This model of the chemical reactions makes several predictions that were examined in experiments published by Jerry Goodisman in 2001. Goodisman notes that numerous recent authors propose chemical reactions for the lemon battery that involve dissolution of the copper electrode into the electrolyte. Goodisman excludes this reaction as being inconsistent with the experiments, and notes that the correct chemistry, which involves the evolution of hydrogen at the copper electrode, has been known for many years. When the electrolyte was modified by adding zinc sulfate (ZnSO4), the voltage from the cell was reduced as predicted using the Nernst equation for the model. The Nernst equation essentially says how much the voltage drops as more zinc sulfate is added.
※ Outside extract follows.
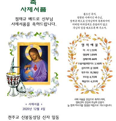 | 신봉동성당 사제서품 초안 (0) | 2020.11.30 |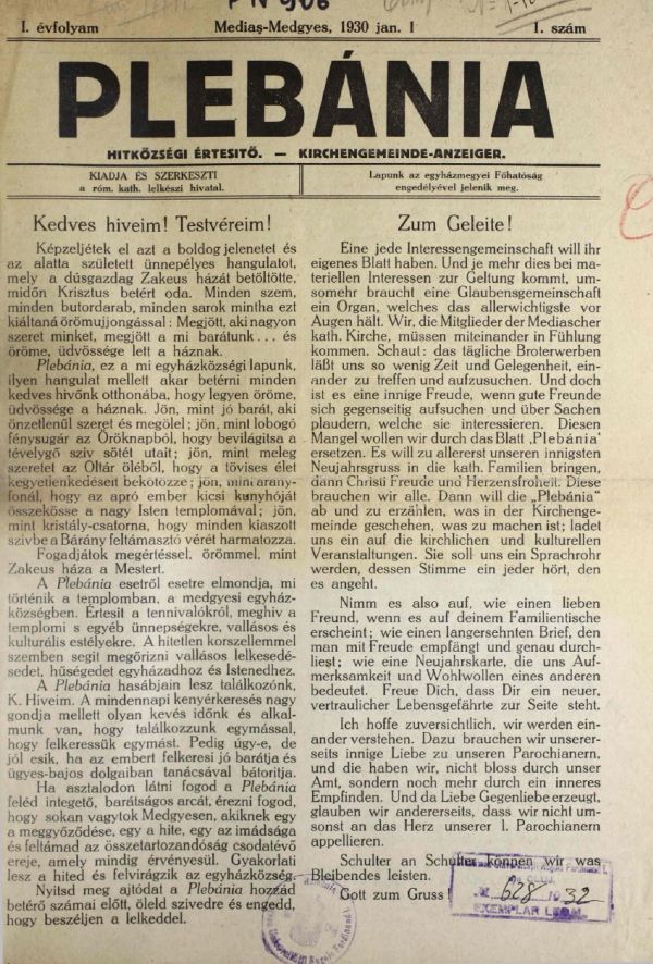 1930-ban Medgyesen megjelent és mindössze 12 lapszámot megért római-katolikus, kétnyelvű (magyar-német) hitközségi értesítő. Előbb Máthé Benvenut, majd Kelemen Ágoston ferencesrendi szerzetes szerkesztette. A lap történetéről bővebben itt.

The addition of copper sulfate (CuSO4) did not affect the voltage. This result is consistent .When the battery is hooked up to an external circuit and a significant electrical current is flowing, the zinc electrode loses mass, as predicted by the zinc oxidation reaction above. Similarly, hydrogen gas evolves as bubbles from the copper electrode. Finally, the voltage from the cell depended upon the acidity of the electrolyte, as measured by its pH; decreasing acidity (and increasing pH) causes the voltage to fall. This effect is also predicted by the Nernst equation; the particular acid that was used (citric, hydrochloric, sulfuric, etc.) doesn't affect the voltage except through the pH value.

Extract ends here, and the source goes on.